Megalithic structure, Kilcummin, Co. Mayo
Co. Mayo |
Megalithic Tombs
On a narrow ridge running along the eastern side of Kilcummin Head in County Mayo, a cluster of large stones sits at the end of a low field bank, looking out over Killala Bay.
What makes the arrangement quietly puzzling is not its grandeur but its ambiguity. Nobody is quite sure what it is, or was.

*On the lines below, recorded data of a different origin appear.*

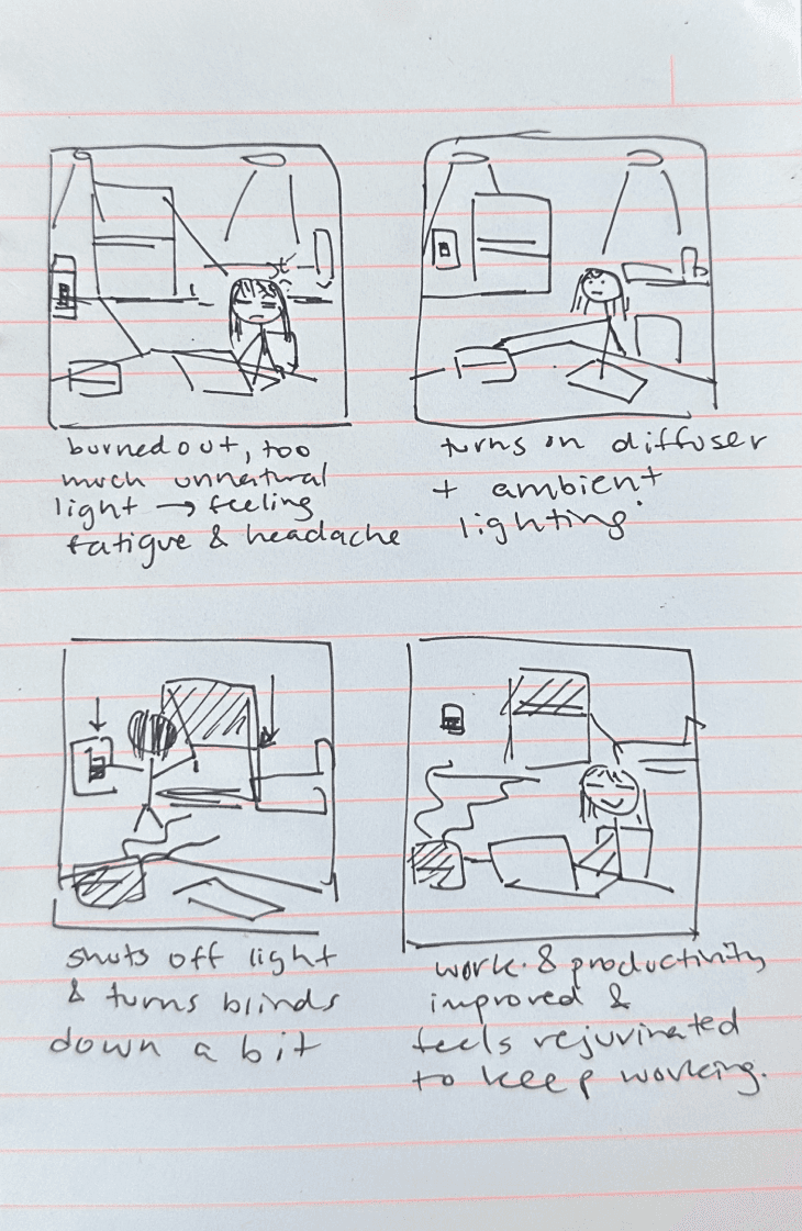 To deeply understand how users engage with mood and environment creation, I conducted semi-structured interviews with students who frequently use Pinterest, music, and diffusers for emotional regulation and creative ambiance.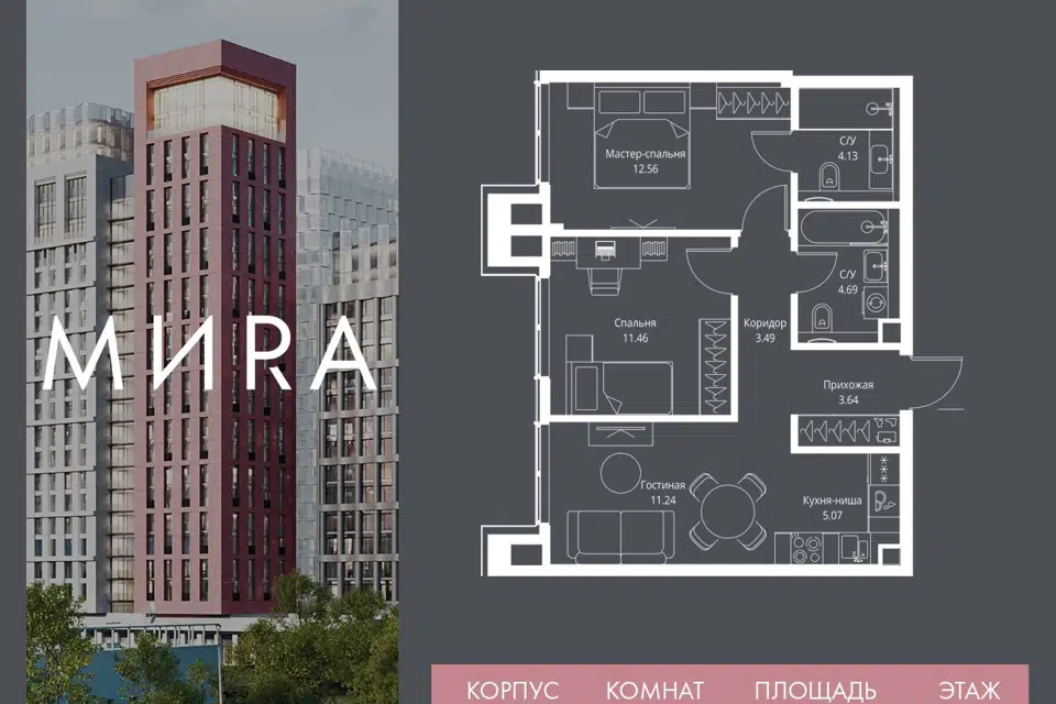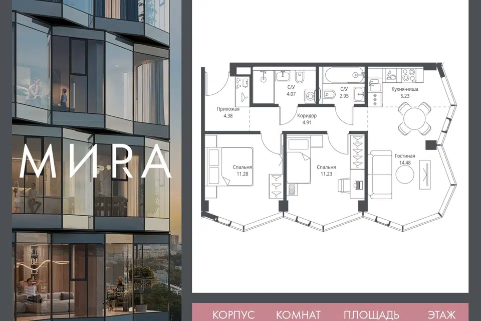 2-комн. кв., 56.28 м², 21/23 этаж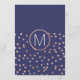 Elegant, chic, and modern faux printed rose gold polka dots and light navy blue background, wedding reception menu cards. This classic and sophisticated design is perfect for the classy, stylish, and trendy wedding reception. Personalise with your own menu on the front, along with your names and dates. Then customise the back with your monogram initial. All photo print design.

The stones were not recorded on Ordnance Survey maps from either 1838 or 1922, which means they either escaped the notice of surveyors on both occasions or were not considered significant enough to mark. The cluster consists of three elements gathered at the south-westerly end of a truncated field bank roughly nine and a half metres long: an upright slab nearly two metres in length, a large flat slab lying prostrate immediately to its south-east, and an irregular boulder about half a metre further east. A fourth, isolated boulder sits roughly six metres away at the opposite end of the same bank. The arrangement could represent the remnants of a megalithic structure, a term covering a broad family of prehistoric monuments built from large, unworked stones, including portal tombs, court cairns, and standing stone settings. Whether these stones once formed part of something coherent, or whether they are a more incidental grouping absorbed into later field boundaries, remains genuinely open. The official assessment is straightforward about the uncertainty: the significance of these stones is uncertain.
The ridge itself provides context of a kind. The ground drops steeply to the east towards a cliff-edged shoreline, and the position commands a wide view across Killala Bay. It is the kind of elevated, exposed spot that does seem to have attracted prehistoric activity in many parts of Ireland, though that observation alone proves nothing about what these particular stones once were, or meant.